Glad hear it's working for you!

On Friday, 6 January 2017 at 10:25:26 UTC, Claude wrote:

So I had a stream of:

version (Win32)
  enum bool WindowsSupported = true;
else
  enum bool WindowsSupported = false;

version (Win64)
  enum bool WindowsSupported = true; //Ooops
else
  enum bool WindowsSupported = false; //Ooops


These can be condensed to:

version(Win32)
    enum bool WindowsSupported = true;
else version(Win64)
    enum bool WindowsSupported = true;
else
    enum bool WindowsSupported = false;

Or even better, since it doesn't appear you need to distinguish between 32-bit & 64-bit:

version(Windows)
    enum bool WindowsSupported = true;
else
    enum bool WindowsSupported = false;


It turned out to be not so readable (even when using a "string mixin" to make the code tighter), and I cannot define twice an enum without using "static if", which was a deal-breaker. Also the conciseness of the versions for the D compilers (only 4: DMD, GDC, LDC and SDC), as well as the different OS versions made the code a lot tighter than the C version.

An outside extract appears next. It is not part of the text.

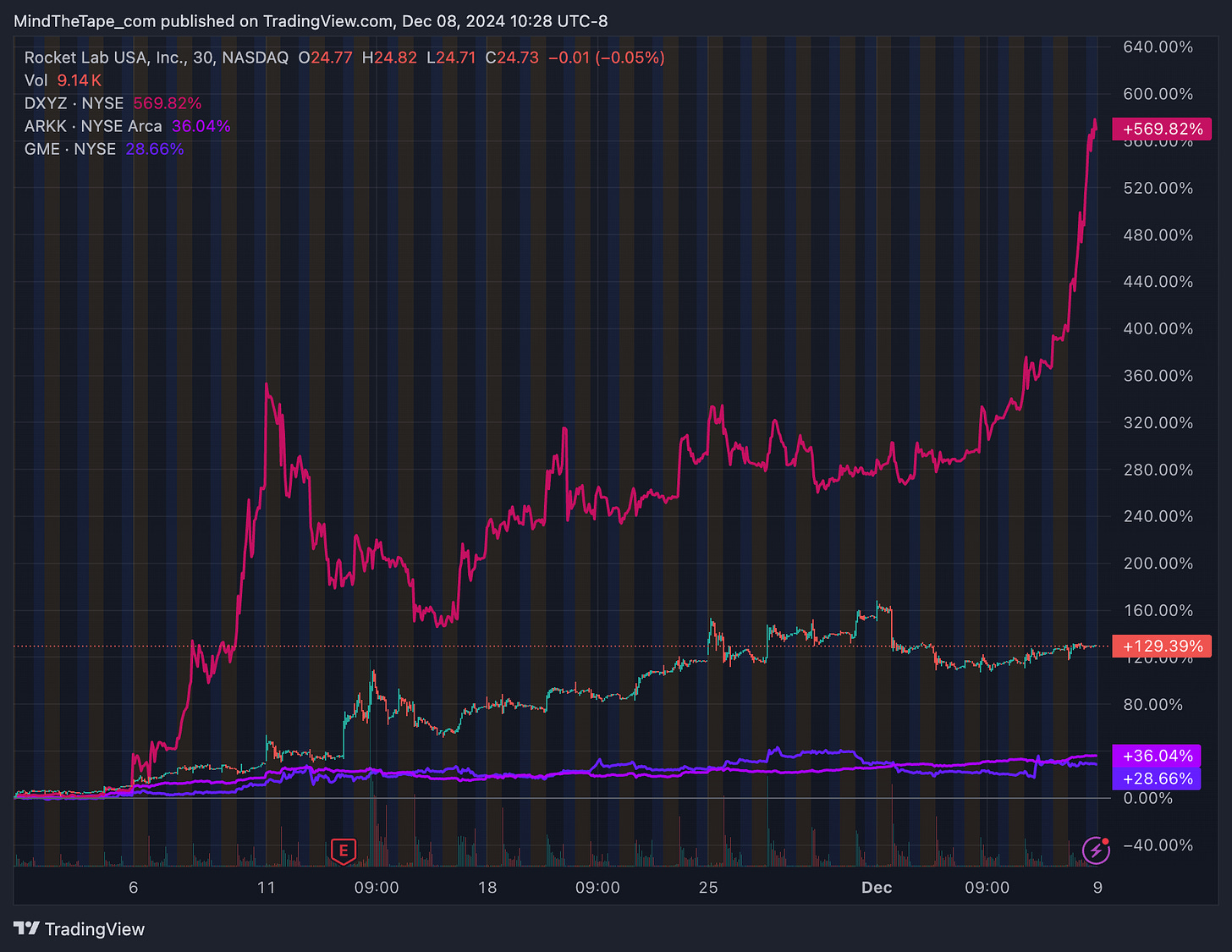 Rocket Labs is up 130%, DXYZ is up 570%, ARKK is up 36%, and GME is up 29%. And that doesn’t even include the crypto meme coins!

For me, the readability is no issue. I would put that block above in a single module (which I like to call config.d) and then import it where I need it. This actually is a lot cleaner for the corner cases where version breaks down (see below).



So I just dropped the enum definition thing and just used "version" as it was designed to be used:

version (Win32)
  version = WindowsSupported;
else version (Win64)
  version = WindowsSupported;
else etc...

version(Windows) { }


That little experience showed that using version as it is designed currently is enough to elegantly cover my needs. And it seemed to scale well. Also I think it may force developers to handle all version specific stuff into one specific module and define your own version identifiers to list features from compiler, OS, target architecture version identifiers; which is a good coding practice anyway.


Yes, it works quite well for most use cases and should generally be preferred. I disagree that it scales, though. At some point (a point that is highly project-dependent), it breaks down, requiring either very large modules or duplicated versions across multiple modules.

My position is that I will always choose version blocks first, but if I find myself in a situation where I have to choose between duplicating version statements (e.g. version(A) {version=AorB; version=AorC;}) across multiple modules and restructuring my code to accommodate versioning, I much prefer to use the enum alternative as an escape hatch.